GUEST POST from Arlen Meyers
Like most premeds, I got into medical school, mostly, because I am good at taking standardized tests, I can memorize lots of information , I had some cultural and economic advantages and I knew what to say to interviewers who did not know how to interview. It certainly was not about my being creative or imaginative.
Fortunately, for this generation, that is gradually changing.
As more and more medical educators try to reform the structure, process , goals, learning objectives and outcomes of medical undergraduate and post-graduate education, they run into some recurring questions:
- How do we find the right people to teach new subjects?
- How do we find the time to teach all of this new information when we are already constrained by the explosive growth of new basic science and clinical information?
- How do we make sure that our students and residents pass the tests required to graduate and get board certified so that they can practice and so that the education and training programs get accredited? In other words, how do we practice educational ambidexterity
- Should we change how and who we admit?
- How do we bridge the now, with the next with the new?
The latest trend in management theory is what’s called organizational ambidexterity. It’s the social scientists take on being a switch hitter, and is defined as an organization’s ability to be aligned and efficient in its management of today’s business demands while simultaneously being adaptive to changes in the environment. In other words, being able to simultaneously lead the now, the new and the next. Some describe it as bimodal people management.
While some are very vocal about eliminating standardized tests, it is unlikely they will be eliminated. The rate of growth of scientific and clinical information will increase. New faculty develoment is always a challenge. So, what are some answers?
- Faculty development programs that are people-centric and expand their knowledge, skills, abilities and competencies about introducing and integrating new subjects into their existing subject matter expertise. Engage the champions, build innovation teams around them, set the standards and goals then get out of their way. Identify the skeptics and either convert them or just let them do what they do best now. Sabateurs should be quickly exposed and “rehabilitated”.
- Recruit, develop, promote and reward for skills, like innovation, entrepreneurship , data analytics and artificial intelligence
- Create interdisciplinary and cross functional teaching teams
- Encourage industry collaboration
- Decrease, don’t increase, lecture time and give students the flexibility to learn when and how they do it best.

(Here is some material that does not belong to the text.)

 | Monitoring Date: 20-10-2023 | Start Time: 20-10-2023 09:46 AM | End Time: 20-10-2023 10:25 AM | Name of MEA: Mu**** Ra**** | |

- Focus on competencies, while at the same time making it clear to students what they will be tested on to practice medicine
- Reform the standardized test and maintenance of certification process
- In the age of search, teach students how to learn, not what to memorize. Take advantage of how students learn, not how you think they learn.

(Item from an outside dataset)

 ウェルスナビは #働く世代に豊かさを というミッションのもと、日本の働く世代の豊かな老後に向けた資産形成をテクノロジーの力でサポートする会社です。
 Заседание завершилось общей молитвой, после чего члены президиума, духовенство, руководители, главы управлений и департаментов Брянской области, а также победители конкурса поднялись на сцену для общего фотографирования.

- Accelerate up the hierarchy of learning from recall to interpretation to problem solving to creativity
- Take small steps in integrating the new subjects into the traditional four year/three year curriculum
- Test new ideas and incorporate the results into the next iteration
- Encourage students to be prosumers (producer/consumers) and help you build the product
- Rethink how and who you admit to medical school. In one recently opened school, 75% of the first year class have engineering or computer science degrees.

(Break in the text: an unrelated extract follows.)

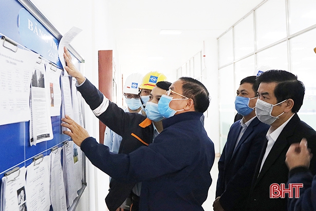 Đồng chí Lê Đình Sơn , Ủy viên Ban chấp hành Trung Ương Đảng, Bí thư Tỉnh ủy, Chủ tịch Hội đồng nhân dân tỉnh kiểm tra công tác phòng chống dịch tại Fomosa Hà Tĩnh (Ảnh: Baohatinh)

- Integrate and continue to build medical school education with post-graduate education and training
- Change and define GME required competencies and accreditation standards to meet contemporary needs.
Here are themes/motifs that are becoming part and parcel of the practice of medicine and are incrementally being intergrated into the medical school curriculum:
- Design Innovation and Healthcare Entrepreneurship
- Digital Health and Monitoring Technology
- Emerging Technologies and New Sciences
- Health Humanities and Healthcare Ethics
- Health Informatics and Artificial Intelligence
- Health Systems and Global Health
- Innovative Education and Training Transformation
- Medical Business and Healthcare Economics
- Precision Medicine and Population Health
- Professional Leadership and Virtual Presence
- Physician Career Planning, including non-clinical careers
Some new schools are leapfrogging the old ways and launching entirely new curriculum maps from the start.
We should strive for educational ambidexterity and evolve from teaching and learning to the test and forgetting about all the rest.